* _What the exercise asks_
In the listing below, which lines contain the string "equipment"? Copy them all.

* _Provided records_
+--

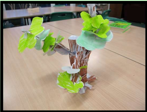
Our Art gallery

KS2 Science competition- Stempoint winners!
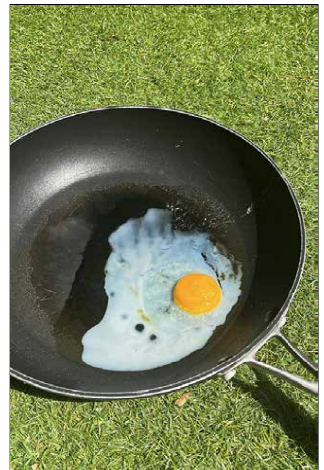
Yes, you literally could fry an egg in the garden this week

There's not been much else to do other than complain and sweat, I have spent my time inside in front of a fan eating ice lollies. Once the sun goes down it's a sprint to the pub to rehydrate with a crisp cold pint. Most pub-goers suffering from sweaty foreheads and a bright red complexion, myself included. I think we are coming out of the extreme temperatures now but let's see. You never know with Britain. I say at this point bring on the rain, I really do miss it!
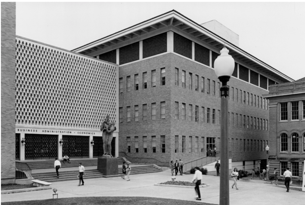
Business Administration—Economics Building
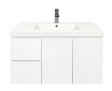
Vanity: Forme Mont Albert Wall Hung
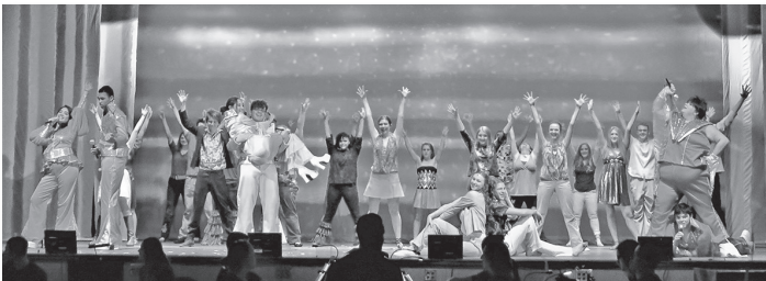
The Middle/High School Theatre Department staged its production of the musical "Mamma Mia!" in March. Around 1,770 tickets were sold for the show. Tonawanda's production is one of 10 finalists for the 2019 Western New York Kenny Awards.

A: The District is required to remove any expenses attributed to public use of school buildings and grounds, student supplies, non-contracted salary, non-mandated instructional programs and staff, new equipment, nonessential maintenance, capital expenditures, and budget support of school cafeteria programs.
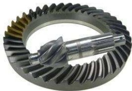
MC806121 70525 CROWN WHEEL/PINION 40:6
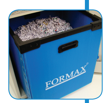
Lifetime Guaranteed Heavy-Duty Waste Bin
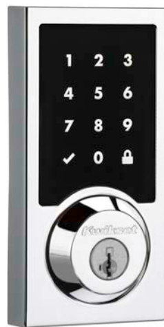
99160-018 916CNT ZW500 26 RALFD Polished Chrome L03
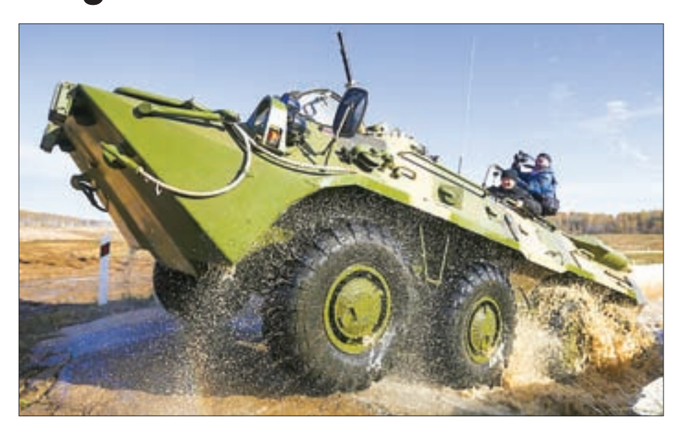
Thailand is also interested in other kinds of equipment — in particular, the air defense systems.

'Negotiations on the delivery of the Mi-17V-5 military transport helicopters to the Kingdom of Thailand are in the final stage. The draft contract has been agreed on, and we hope to sign it in the near future," he said. The source added that no talks are underway with Thailand regarding potential contracts on other types of weapons. "This
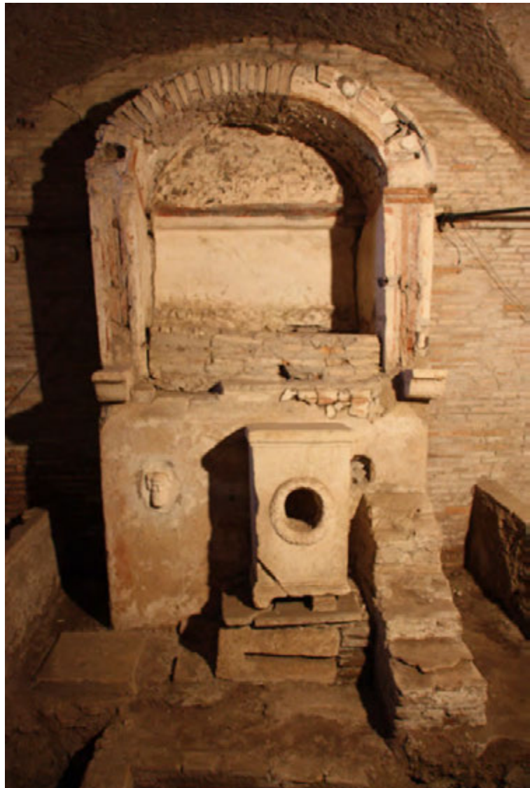
Figure 3. Mitreo del Caseggiato di Diana.

Mithraea were distributed quite evenly around different parts of Ostia, but are not found in the most central public areas or along the main streets. 15 Some of the oldest Mithraea in Ostia were installed in residential buildings, insula or domus , in which one or two rooms were set aside for use by cult members. At least three Ostian Mithraea are located near baths and four in warehouses. 16 One Mithraeum was built into the foundations of an unfinished sanctuary of an Ostian collegium , probably that of the ropemakers ( Stuppatores ). 17 The construction of the Mithraeum was sponsored by a man named Fructosus, who was also patronus of an association in Ostia of whose name only the first letter s survives. However, the name Fructosus also appears in a membership list of the collegium of the Stuppatores , dating to the same period as the Mithraeum, and rooms used for the production of ropes ( stuppa ) have been identified in the vicinity. 18 We do not know why the original sanctuary of the association was left unfinished. It would have been most unusual to choose Mithras as a tutelary deity of a collegium . It is possible that some members of the Mithraic cult group also belonged to the association of the ropemakers or that the worshippers of Mithras had some kind of contract to use the sanctuary on the premises of the collegium . 19 One additional Mithraeum was identified in the excavations carried out in 2014, called the Mitreo dei marmi colorati , located near a guest
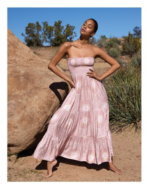
GAIA DRESS IN AFRICAN PEACOCK Print in antique pink
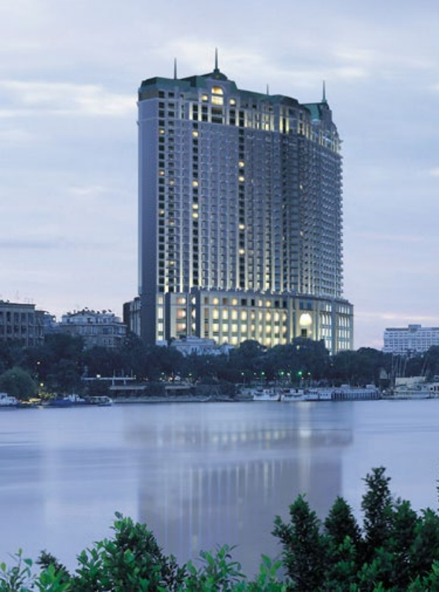
Four Seasons Nile Plaza Cairo 366 Rooms

+--

* _Solution to the exercise_
A: The District is required to remove any expenses attributed to public use of school buildings and grounds, student supplies, non-contracted salary, non-mandated instructional programs and staff, new equipment, nonessential maintenance, capital expenditures, and budget support of school cafeteria programs.
Thailand is also interested in other kinds of equipment — in particular, the air defense systems.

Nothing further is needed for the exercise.